Tavi didn’t get his sword up in time, and Max’s downward stroke struck his wrist at an appallingly perpendicular angle. Tavi heard a snapping sound and had time to think Those are my wrist bones before the world went suddenly scarlet with pain and sent him to one knee. He keeled over onto his side.

Max’s rudius, a wooden practice blade, hit his shoulder and head quite firmly before Tavi managed to wheeze, “Hold it!”

At his side, Maestro Magnus flicked his own rudius at Max in a quick salute, then unstrapped his wide legion shield from his left arm. He dropped the rudius and knelt beside Tavi. “Here, lad. Let me see.”

“Crows!” Max snarled, spitting. “You dropped your shield. You dropped your bloody shield again, Calderon.”

“You broke my crow-begotten arm!” Tavi snarled. The pain kept burning.

Max tossed his own shield and rudius down in disgust. “It was your own fault. You aren’t taking this seriously. You need more practice.”

“Go to the crows, Max,” Tavi growled. “If you weren’t insisting on this stupid fighting technique, this wouldn’t have happened.”

Magnus paused, and exchanged a look with Max. Then he sighed and removed his hands from Tavi’s injured arm, taking up shield and rudius again.

“Ready your shield and get up,” Max said, his voice calm as he recovered his own rudius.

Tavi snorted. “You’ve broken my bloody arm. How do you expect me to–”

Max let out a roar and swept the practice weapon at Tavi’s head.

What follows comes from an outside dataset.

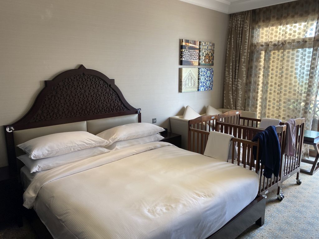 Doch auf unserem Zimmer wartete die nächste Überraschung. Statt eines King-Betts warteten Twin-Betten im Zimmer auf uns. Hier habe ich einen Fehler gemacht. Ein Family-Room war bisher für mich immer entweder ein größeres Zimmer mit Sofa-Bett oder ein Zimmer mit einem Nebenraum mit Betten für die Kinder. Aber im Hilton Ras al Khaimah sind scheinbar die Stand Twin-Bett-Zimmer die Familienzimmer. Genau das was wir nicht brauchen. Noch weniger Platz durch zwei Betten statt mehr Platz für die Babybetten.

Tavi barely threw himself back in time to avoid the stroke, and he struggled to regain his feet, balance wavering because of the pain and the heavy shield on his left arm. “Max!” he shouted.

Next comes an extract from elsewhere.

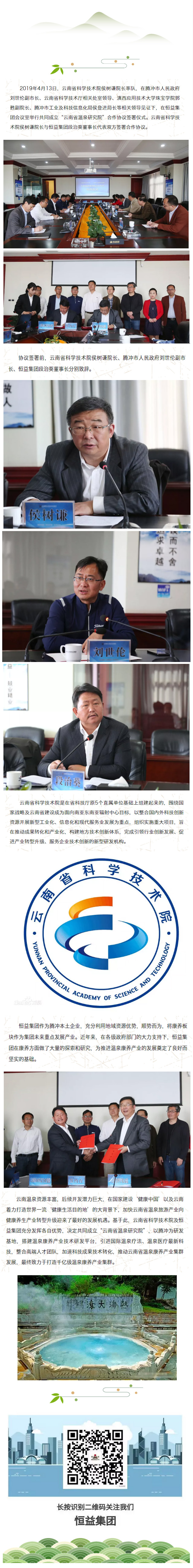 云科院與恒益集團(tuán)簽署共同成立“云南省溫泉研究院”合作協(xié)議 來源: 瀏覽量:8304 日期:2019-04-15 分享到: 上一篇:京東集團(tuán)到訪恒益,達(dá)成農(nóng)牧業(yè)領(lǐng)域合作共識(shí) 下一篇:黃必志院長(zhǎng)一行蒞臨東山農(nóng)業(yè)調(diào)研,助力恒益肉牛產(chǎn)業(yè)發(fā)展
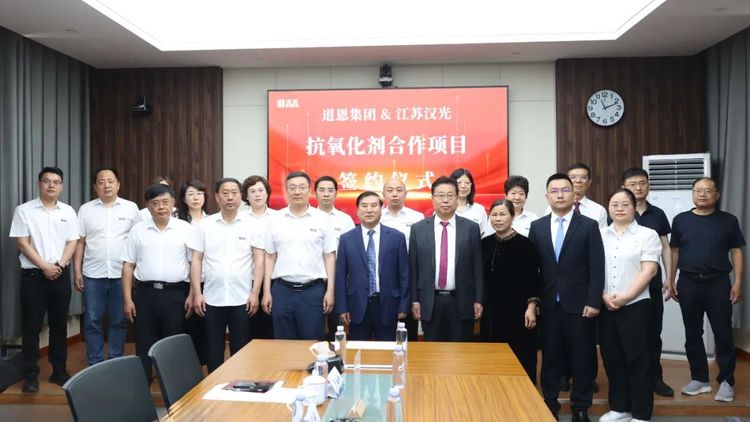 5月28日,道恩集团与江苏汉光实业股份有限公司(简称:江苏汉光)抗氧化剂合作项目签约仪式在道恩集团总部举行。江苏汉光董事长顾法明及其团队;道恩集团董事长、总裁于晓宁,副总裁宋慧东、邱焕玲、王可友、刘丽丽、解云涛,以及有关职能部门负责人出席活动并见证签约仪式。

His friend roared again, weapon sweeping down.

Magnus’ rudius swept through the air and deflected the blow, and then the old Maestro shouldered into Tavi’s shield side, bracing him long enough to get his balance underneath him.

“Stay in tight,” Magnus growled, as Max circled to attack again. “Your shield overlaps mine.”

Tavi could hardly make sense of the words for the pain in his arm, but he did it. Together, he and Magnus presented Max with nothing but the broad faces of their shields as a target, while Max circled toward their weak side—Tavi.

“He’s faster and has more reach than me. Protect me or neither of us will hold a sword.” Magnus’ elbow thumped swiftly into Tavi’s ribs, and Tavi pivoted slightly, opening a slender gap in the shields through which Magnus delivered the quick, ugly chop Tavi had been less than enthused about learning.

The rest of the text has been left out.